*Supplied records*:
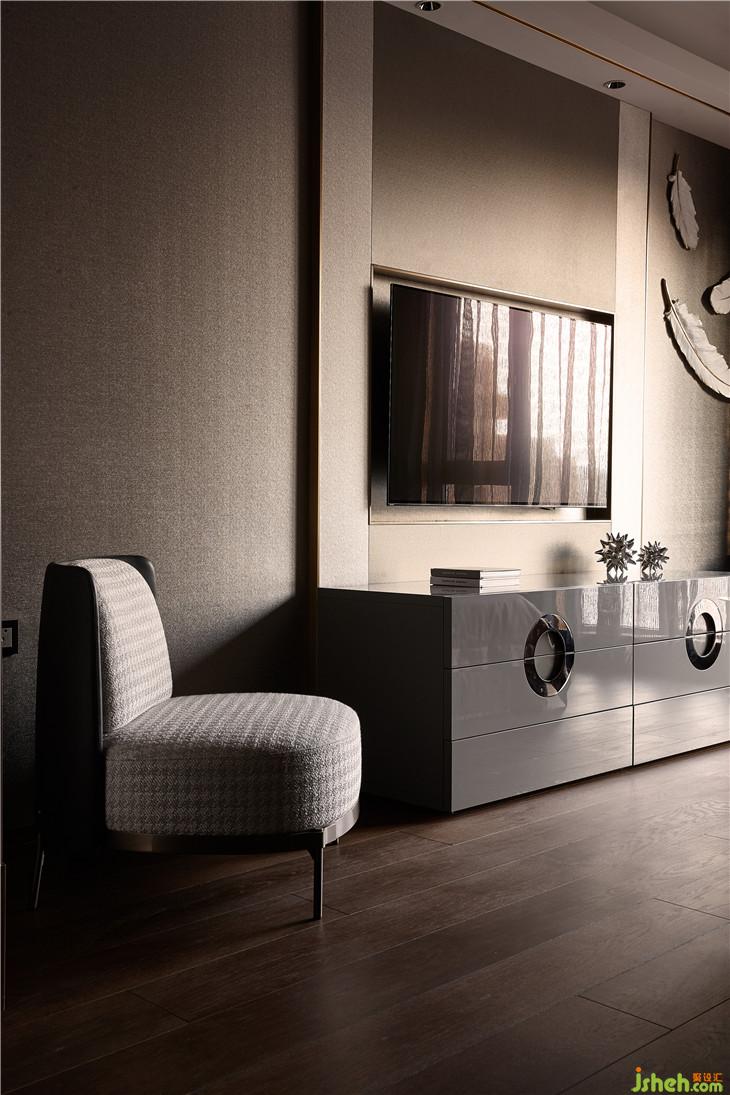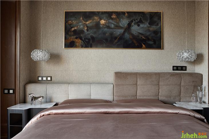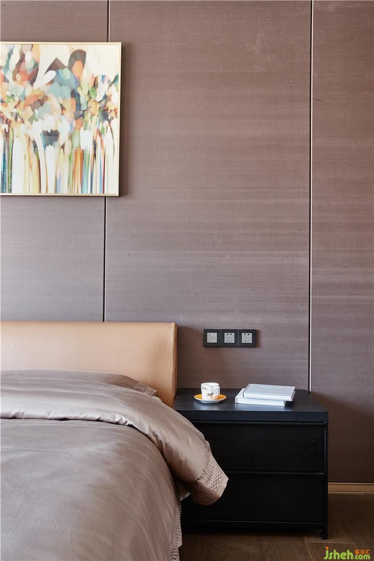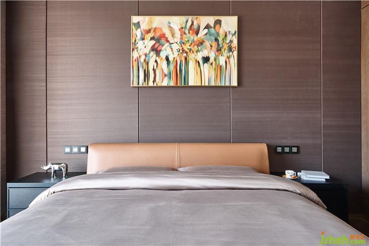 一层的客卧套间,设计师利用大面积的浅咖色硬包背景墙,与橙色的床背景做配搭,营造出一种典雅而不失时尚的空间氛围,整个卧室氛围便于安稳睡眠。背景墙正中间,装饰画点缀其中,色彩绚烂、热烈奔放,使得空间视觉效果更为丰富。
---
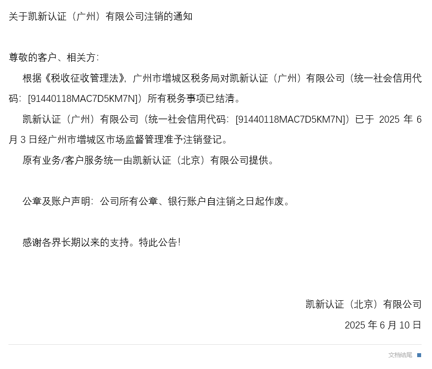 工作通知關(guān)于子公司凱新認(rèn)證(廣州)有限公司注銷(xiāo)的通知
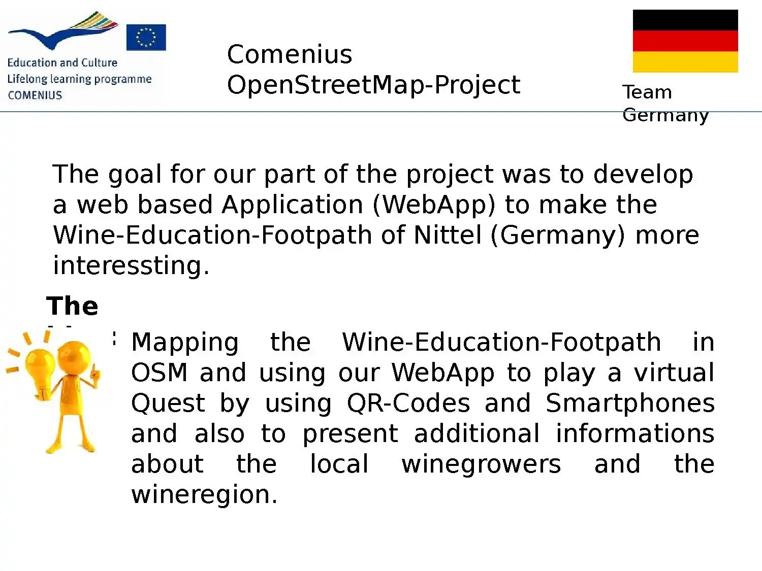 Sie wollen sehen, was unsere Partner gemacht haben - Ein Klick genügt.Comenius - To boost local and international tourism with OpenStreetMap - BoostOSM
---
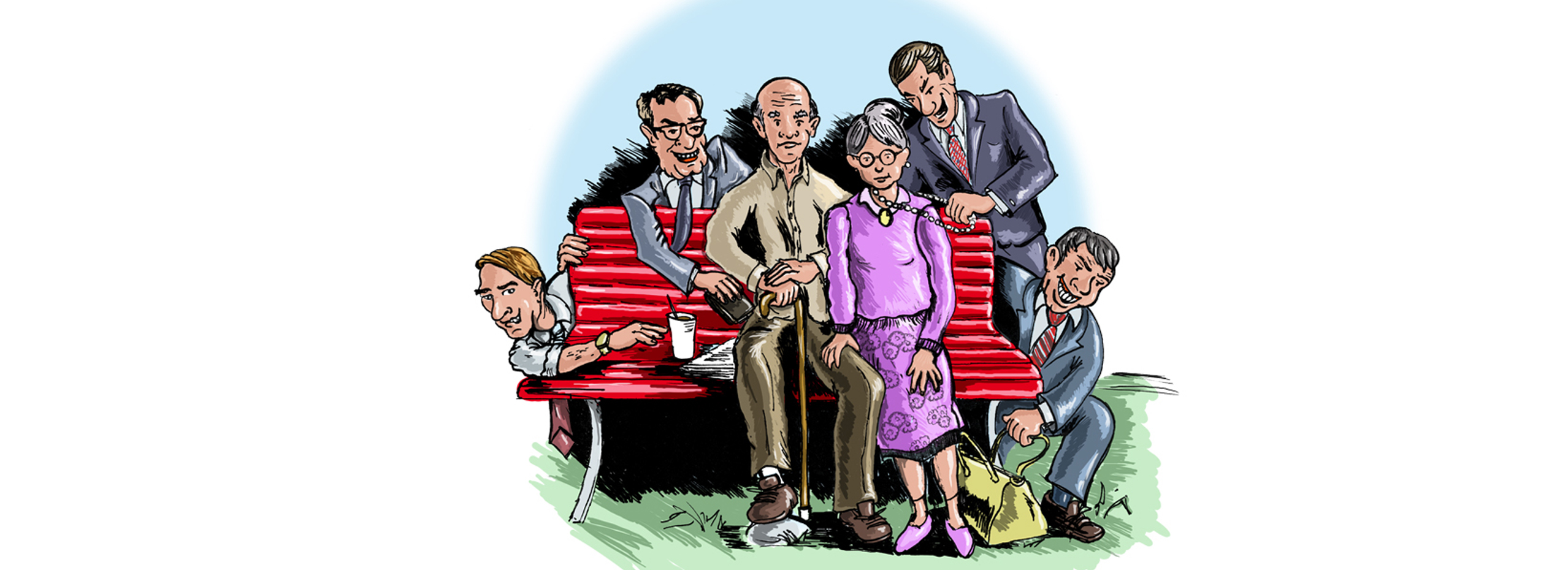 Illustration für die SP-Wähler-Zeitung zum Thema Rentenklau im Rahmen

*Assigned task*: Starting at the line above that has "工作通知關(guān)于子公" and ending at the line that has "Sie wollen sehen, was", copy each line exactly, leaving the pictures out and adding nothing.

*Output of the exercise*:
 工作通知關(guān)于子公司凱新認(rèn)證(廣州)有限公司注銷(xiāo)的通知
 Sie wollen sehen, was unsere Partner gemacht haben - Ein Klick genügt.Comenius - To boost local and international tourism with OpenStreetMap - BoostOSM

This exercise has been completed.